Rating: PG-13 (language, surprisingly)
Cassandra Cain was not a sulky teenager. Or at least, she wasn't usually. She tended to do things. After all, her language was movement, not words. So her head tended not to be filled up with chatter the way most people's brains were. Of course, the human brain was a versatile thing, so the more words she learned, the more they took up residence in her head. And she was reliably informed that those words were supposed to stay there, so she had to be careful not to push them out of her head with excessive training. There had to be a balance, she'd been told.
It was all very confusing, and it sounded hard, and Cassandra typically had a hard time sitting still through her English lessons at the Clocktower.
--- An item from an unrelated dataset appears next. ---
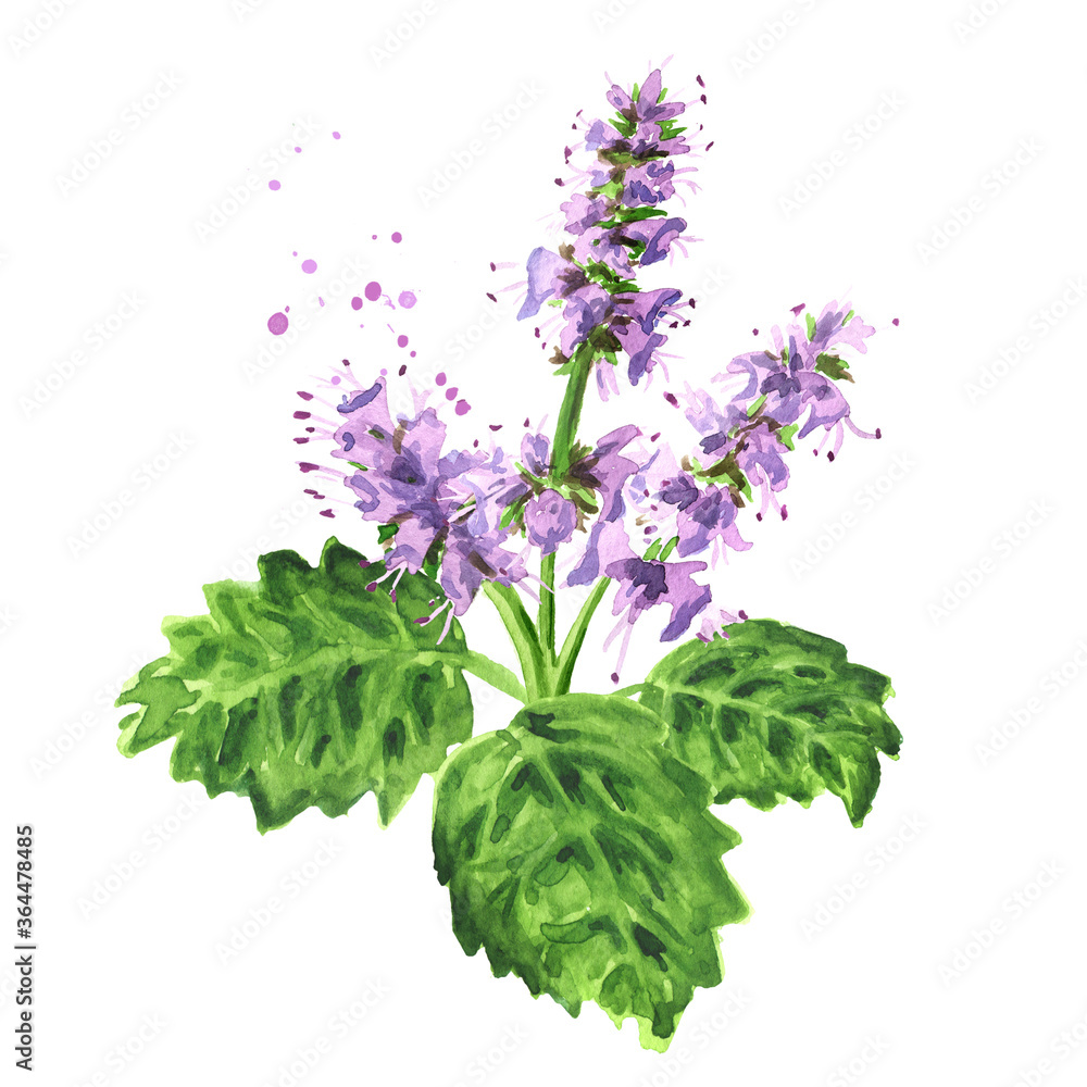 Obraz na plátně Plant patchouli or Pogostemon cablini branch with flowers and leaves, Hand drawn

But right now? She had no energy. Any of her usual restlessness was nowhere to be found. Even the act of sitting up seemed like too much to ask, and this was a girl who perched on gargoyles and danced on rooftops sixty stories. Her body's default mode seemed to be stuck on 'Nap" -- or rather, it hovered in a state that was perpetually ready for a nap, but too troubled to sleep. She had been benched from Batgirl duty, and she couldn't even bring herself to care.
Other people were concerned, of course. She didn't even have to say anything for Cass to see it in her every movement, her every worried wrinkle. Cass would hear Babs talking to people over her headset as Big Giant Head. Robin and Nightwing would show up, wanting to know if she was okay. She didn't even bother with the [I'm fine; go away] gesture, because she wasn't, and they would just keep coming back no matter how many times she shooed them away.
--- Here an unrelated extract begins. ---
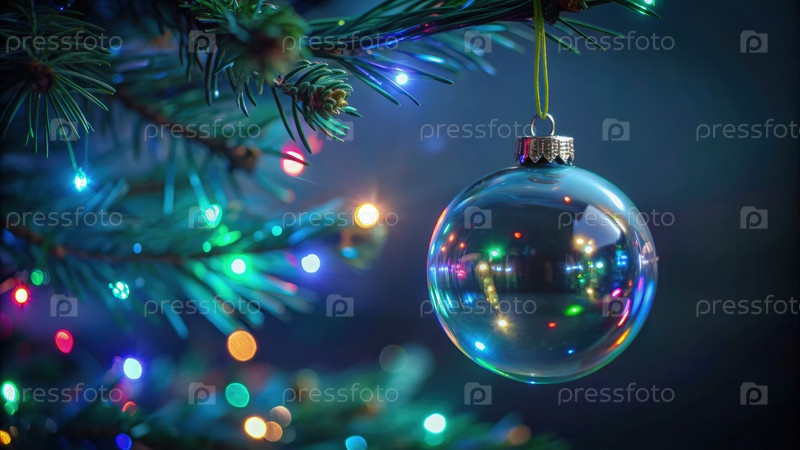 Красиво украшенная рождественская елка с прозрачным баблом, висящей среди красочных огней во время праздничного сезона

She had visited her father in Blackgate. David Cain had sat in his cell patiently. His shoulders and eyebrows had asked her if she was there to break him out.
Her eyebrows and chin had asked what had given him that idea.
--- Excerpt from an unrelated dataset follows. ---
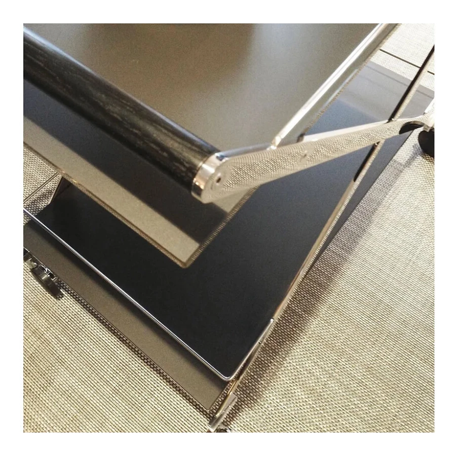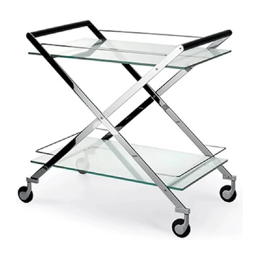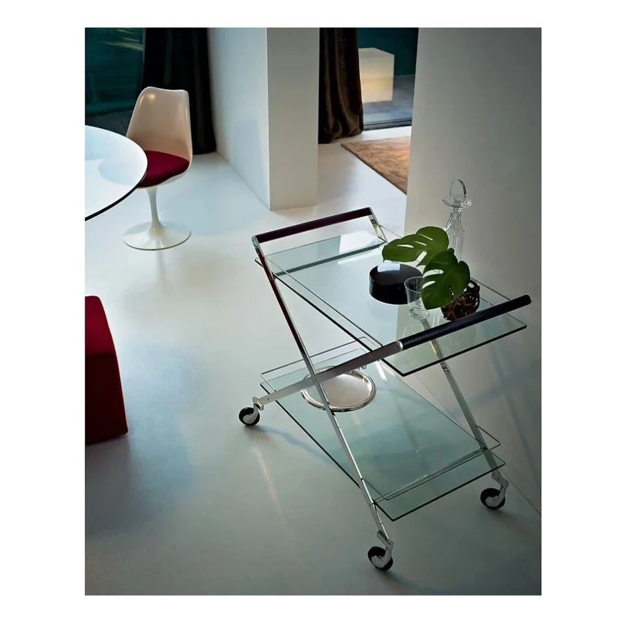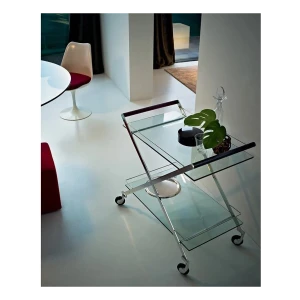 Trolley in 10mm transparent glass. Painted glass as per samples in the bright or satin version on request. Bright or satin stainless steel metal parts. Handles in whitened oak, wengé stained, tobacco stained or black stained. Available versions “total color” in opaque white, grey and black with satin painted glass tops.

His shrug had replied that it was a natural conclusion to come to. He was her father; she was his daughter. And daughters shouldn't have to sneak into prison cells to visit their fathers, should they. Daughters were supposed to spend time with fathers.
Her clenched muscles had told him he wasn't going anywhere.
His wide smile had replied that he was only here because he chose to be.
Her angry stance had asserted that she was not going to let him murder ever again.
His smirk and receiving posture had challenged her to stop him the only way that could possibly be permanent: kill him.
The argument had escalated from there, and it had culminated in their idea of a father-daughter shouting match: a knock-down drag-out fight that had alerted the guards, who'd had no idea that Batgirl was in the prison, let alone in Cain's cell in solitary. It had taken six guards to break up the fight, which had become a PR nightmare for the Batfamily's alliance with the local law enforcement. Bats and Robins weren't supposed to beat up confined inmates.
So now Cass was curled up in her blankets, lying on the floor in her room in the Clocktower. She had a nice, comfortable bed right next to her, but she didn't want or need that. She'd lived for years as a street rat; she didn't need beds. She'd done just fine without parents, too, and she'd rolled over to end the conversation when she'd told Babs as much.
She'd done just fine without parents in the years she'd spent on her own, and if this was what the experience was like, she was better off without them.